As part of the cap and trade programs in Oregon and California, companies can purchase carbon credits to cover up to 8% of their emissions. Compensation can come from projects that manage forest lands to store more carbon by not cutting trees. But these carbon savings are difficult to validate and can be compromised by increased logging elsewhere.

"I think that cap and trade encourages accounting systems that can give the impression of reducing emissions," Pham said. "Our concern is that it prevents us from finding the real solutions because it gives people the impression that we are doing something to combat climate change."

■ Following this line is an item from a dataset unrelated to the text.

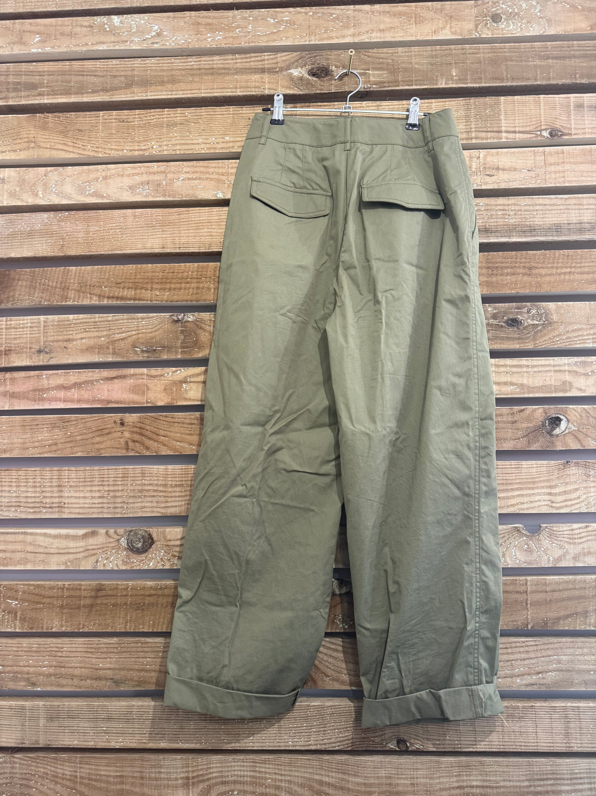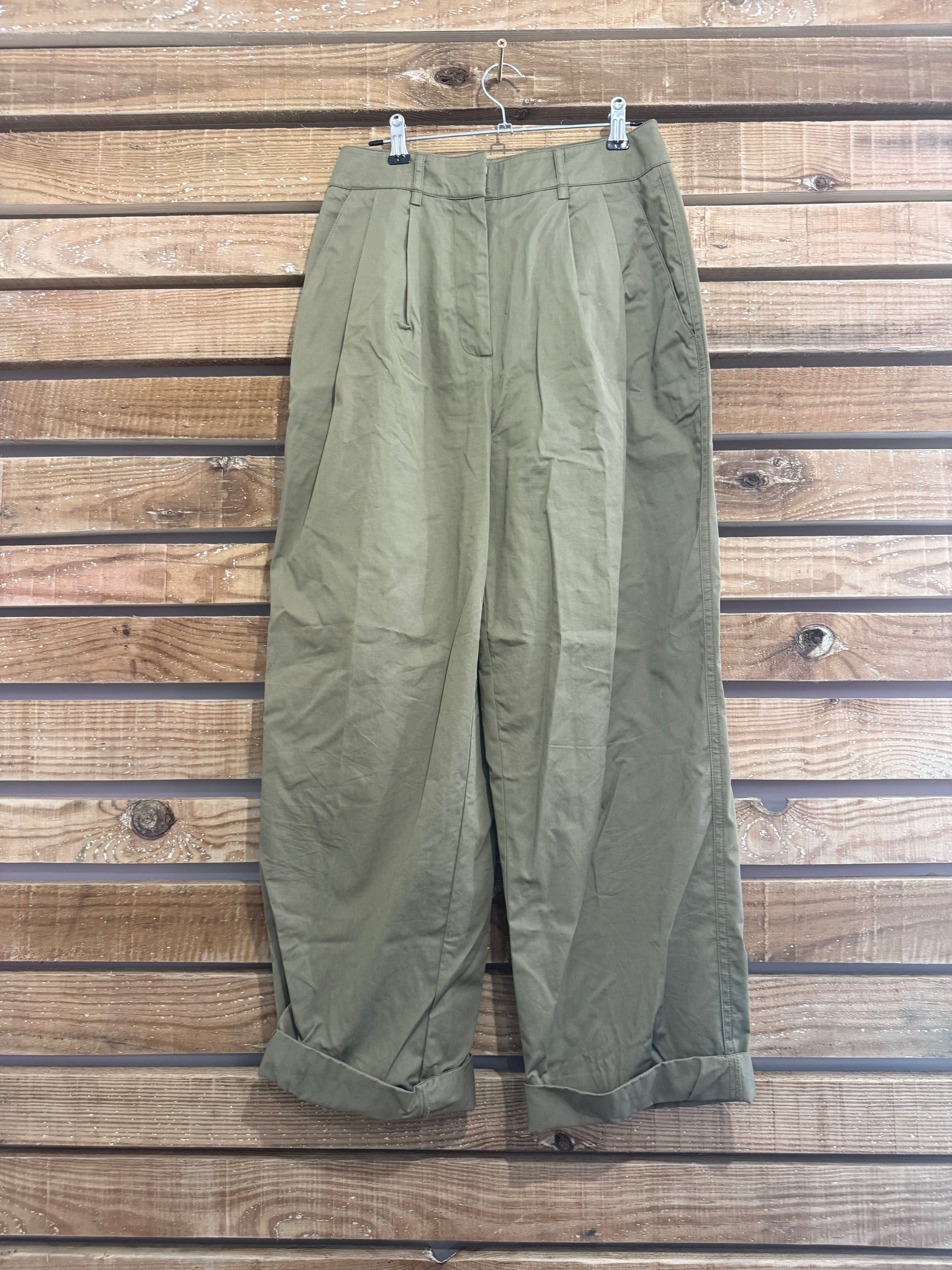 Mint Velvet khaki tapered trousers. Size UK8, 26” waist.

Confident for better results

Shilpa Joshi with Renew Oregon OPAL is "an anomaly and an exception" in Oregon and dozens of other environmental groups, including those representing farm workers, Native American tribes, low-income Latin American communities and vulnerable populations, argue that categorically the Oregon cap-and-trade plan.

These groups worked to have the bill reduce pollution and invest in communities most affected by climate change, she said, and they agree that cap-and-trade – although it's not the only way to reduce pollution – is the only way to reduce pollution. they are not the only policy needed to fight climate change – are the best way. to achieve both emission reductions and the revenues needed to finance a cleaner economy.

"We must stop burning fossil fuels as quickly as possible," said Joshi. "It makes sense to go to the top of the food chain, regulate these polluters and use the funds to invest in clean energy throughout the state."

Oregon Governor Kate Brown said the state regulators planned to put in place stricter controls to avoid any miscalculation of carbon offsets and cuts. ; emissions.

"We are really working on creating a unique approach in Oregon that will prevent the system from playing," Brown said.

The Oregon bill is 10 times longer and much more detailed than what California enacted in 2006, and it reserves a few pollution permits as a cushion, so the state can change cap if necessary.

Brown says this could be the national model.

"Oregon is a small state," she says. "And if we can do it, it means that states like Minnesota, Connecticut and Kansas can do it, in a way that ensures the prosperity of their economy and reduces greenhouse gas emissions. "

That is, if Oregon's cap-and-trade plan works better than that of California.